Externally the buildings are faced with red bricks, obtained locally, with Bath and Portland stone dressings, the roofs of the chapel, towers, and staff quarters being covered with green slates. The walls of bathrooms, kitchen, sculleries, dynamo-room, and some stores are faced with glazed bricks, the dayrooms having dados in salt-glazed bricks. The walls of wards are finished with Keene's cement painted, with skirting's in glazed bricks. The corridors are in all cases of fireproof materials, finished with terrazzo, or artificial stone. The buildings are warmed by radiators when necessary, as auxiliary heating to the open fireplaces. Each large ward has a double-fire descending flue stove, and the separation wards have warm-air grates. The electric lighting has been carried out by Messrs. F. A. Glover & Co., Ltd., of London. The lifts were provided and fitted-by Messrs. C. & A. Masker, Ltd., of Liverpool. There are eleven lifts in all, four, being one in each of the blocks, A, B, C, D, for patients, four in the same blocks are dinner-lifts, and the remaining three are service-lifts The kitchens have been fitted by Messrs. Benham & Sons, Ltd. The water supply to the institution is obtained either from the East London Water Co.'s mains, delivered direct to the steel storage tanks in the water towers; or the alternative provision (and the one to be most largely drawn upon) is from the artesian well sunk by Messrs. Isler & Co., to a depth of 400 ft., and which is expected will yield sufficient water to meet the demand of the institution.
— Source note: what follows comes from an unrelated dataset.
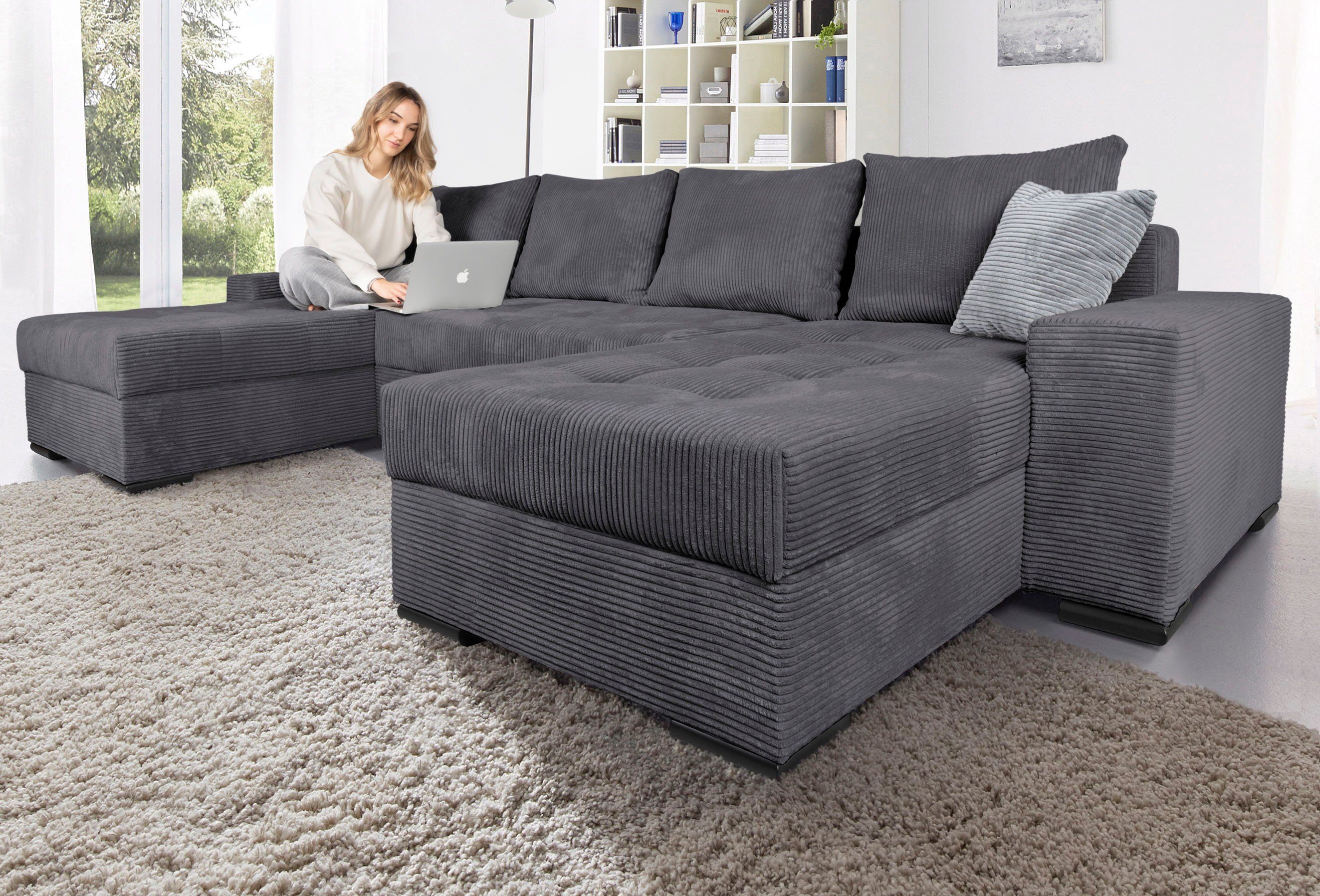 Eine elastische und formbeständige Sitzoberfläche bekommst du mit dieser Wohnlandschaft von COLLECTION AB, die mit langlebiger Federkern-Polsterung ausgestattet ist. Außerdem kann das Möbelstück ein separates Gästebett ersetzen und somit Platz einsparen, denn sie ist mit einem praktischen Bettkasten versehen. Ein weiterer Vorteil ist das passende Rückenkissen, die nicht nur schöne Deko-Element sind, sondern auch für noch mehr Komfort sorgen. Die schwarzen Füße aus Kunststoff sind belastbar und äußerst formstabil.

Messrs. Shillitoe & Sons, of Bury St. Edmunds, have been the general contractors, Mr. H. Fawcet being the works manager, Mr. T. E. Edmunds has acted as clerk to the works, and Mr. John Buley, of Laurence Pountney Hill, Cannon-street, E.C., has superintended the engineering works for the Guardians, and Mr. A. T. Walmisley, M.Inst.C E., of Westminster, has acted as consulting engineer to the architect. The stoves and ranges have been supplied by Messrs Hendry &Pattisson, and Carter & Aynsley ; the glazed bricks by Brookes. of Halifax, and the red bricks by Cornish, of Shenfield. The stonework was by F. Mortimer, of Walthamstow; heating and hot-water work by Wontner, Smith, Gray, & Co. ; the hydrants by Shand, Mason, & Co. ; the road-making by H. V. Manders; the marble mosaic and terrazzo flooring by Pattesson & Co. of Manchester, and the Art Pavements and Decorations Co., Ltd. ; electric bells, Jackson Bros. ; glazing to chapels, Lowndes & Drury ; steel tanks, Steavenson & Co. ; covering to boilers, Dick's Asbestos Co. ; fencing, Bayliss, Jones, & Co., and E. C. White ; water softener, Stanhope Water Co.; floor polishing. Ronuk, Ltd. ; engineers for well pumps, J. Reedman & Co. Mr. Crow, of Stratford, supplied the clock and bells. The architect to the Guardians is Mr. Francis J Sturdy, of London. The amount of the building contract was 186,665l.